CDX-301b · Module 1

Network Policies & Exec Restrictions

3 min read

Network access in Codex is binary at the command level: a command either gets network access (allow-network) or it does not (allow). There is no middle ground — no domain allowlists, no port restrictions, no protocol filtering. This means an allow-network command can reach any host on any port. The security implication is clear: every allow-network rule is a potential data exfiltration channel. A command like "curl" with network access can send project data to any external server.

Exec restrictions go beyond network access. The sandbox prevents process spawning outside the allowed command set, blocks access to system-level resources (raw sockets, device files, kernel interfaces), and restricts inter-process communication. In workspace-write mode, Codex cannot install system packages, modify system configs, or start persistent services. These restrictions are enforced at the OS level (Seatbelt on macOS, Bubblewrap on Linux) and cannot be bypassed from within the sandbox.

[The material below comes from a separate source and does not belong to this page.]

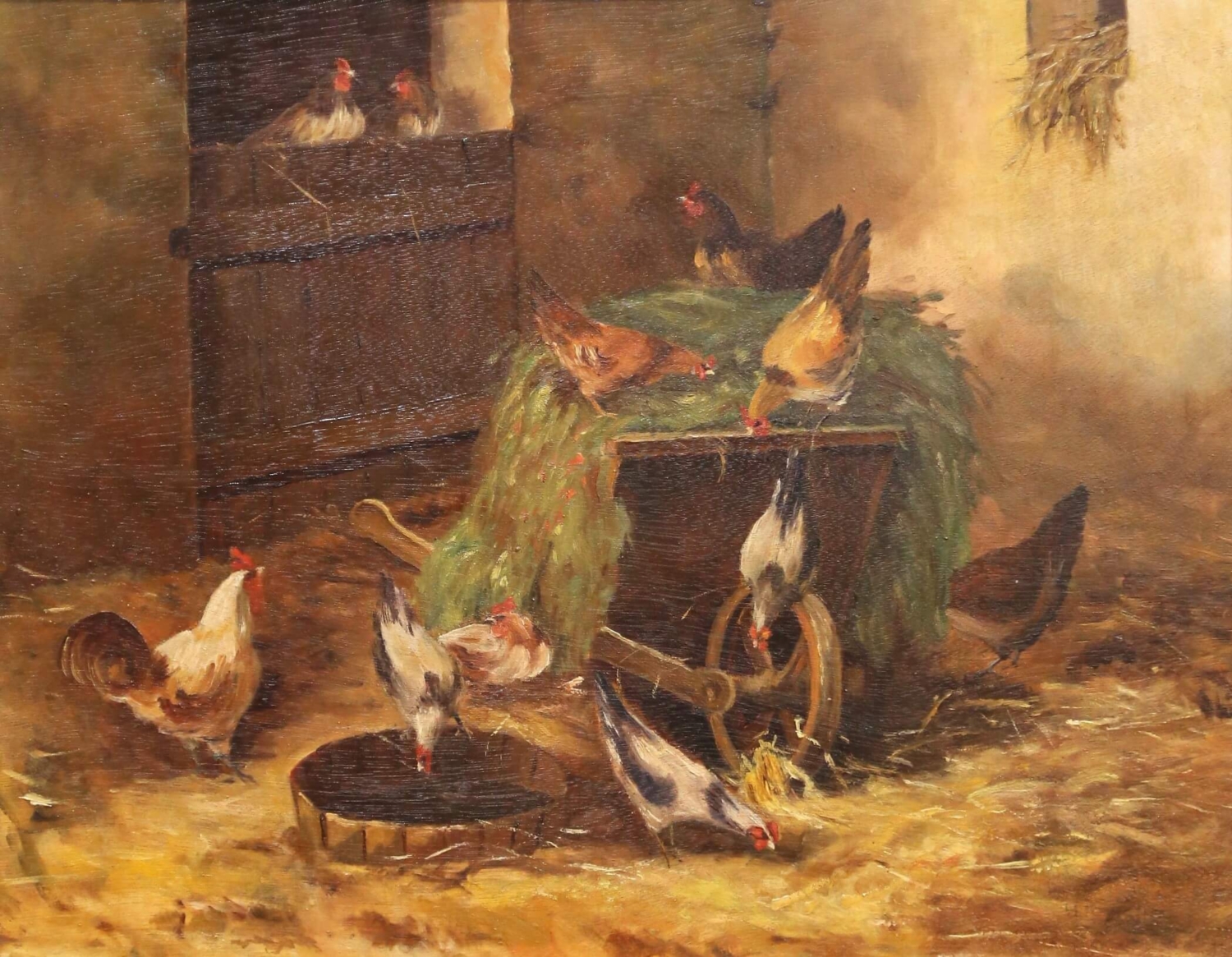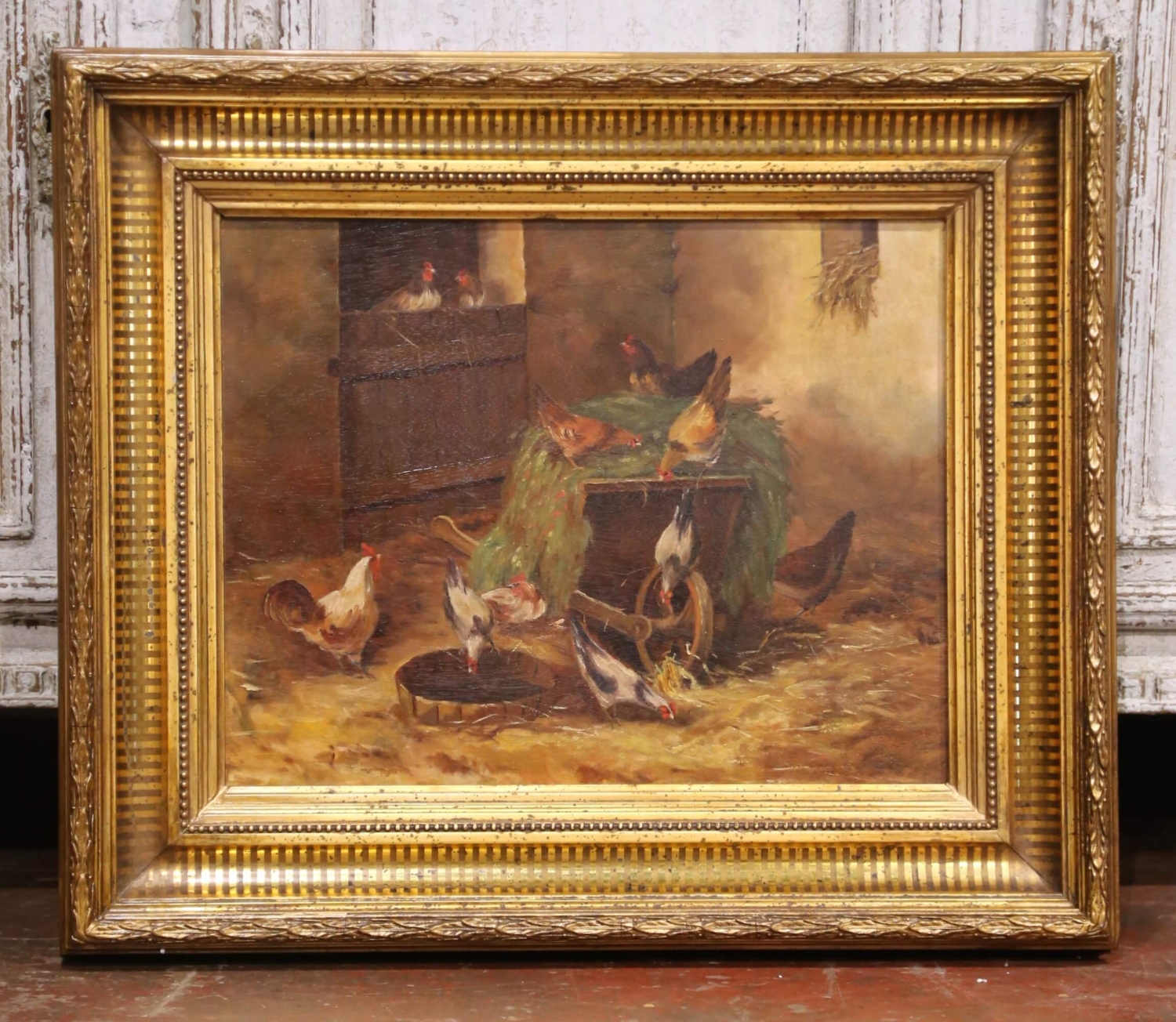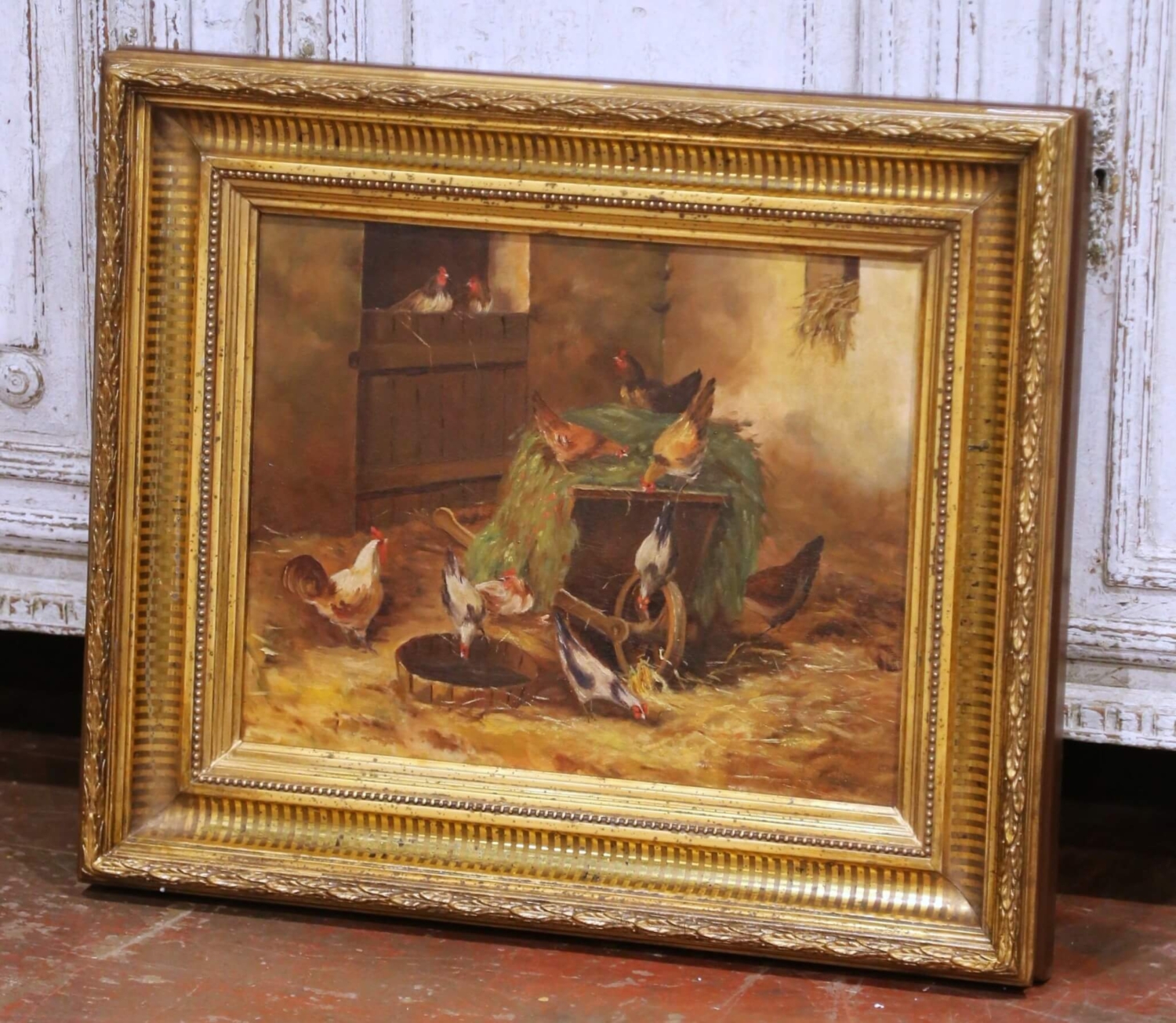 Bring warm, rustic character to an interior with this antique French oil on canvas depicting a lively barnyard scene, painted circa 1880. The composition centers on a group of chickens gathered around a wooden feeding trough beside a coop, animated with expressive brushwork and rendered in a rich, earthy palette. A proud rooster and scattered hens create a sense of movement and natural rhythm, capturing the charm of rural life with softness and authenticity. Executed in the manner of Edmond van Coppenolle, the painting reflects a similar attention to farmyard subject matter and atmospheric light. Signed “H. Forestier” in the lower right corner, the work is presented in its substantial giltwood frame with a deep molded profile. The frame is decorated with alternating fluted and beaded bands and retains a beautifully aged gold patina, enhancing the warmth and depth of the composition while adding strong decorative presence. This 19th century painting remains in excellent condition commensurate with age and use, with minor surface wear consistent with its history. A charming and timeless piece, ideal for a kitchen, breakfast room, or country-inspired interior. Dimensions: 25.5”W x 21.5”H

# Network policy: minimal allow-network surface
[execpolicy]
# Only these commands get network access
"npm ci" = "allow-network"          # Package install (needs registry)
"npm install" = "allow-network"     # Package install
"git push *" = "allow-network"      # Push to remote
"git pull" = "allow-network"        # Pull from remote
"git fetch *" = "allow-network"     # Fetch from remote

# Everything else: local only
"npm test" = "allow"
"npm run *" = "allow"
"npx *" = "allow"
"node *" = "allow"
"git *" = "allow"                   # Catch-all git (local ops)

# Explicitly deny network-capable tools
"curl *" = "deny"
"wget *" = "deny"
"nc *" = "deny"
"ssh *" = "deny"
"scp *" = "deny"
  1. Map network needs List every command that requires network access. For each, document why it needs network. If you cannot justify it, it should be allow-only.
  2. Block exfiltration tools Add explicit deny rules for curl, wget, nc, ssh, scp, and any other tool that can transmit data. If you need curl for a specific purpose, allowlist the exact command.
  3. Test the boundary Run Codex and ask it to fetch a URL or install a package. Verify that blocked commands fail and allowed commands succeed. Check the error message is clear.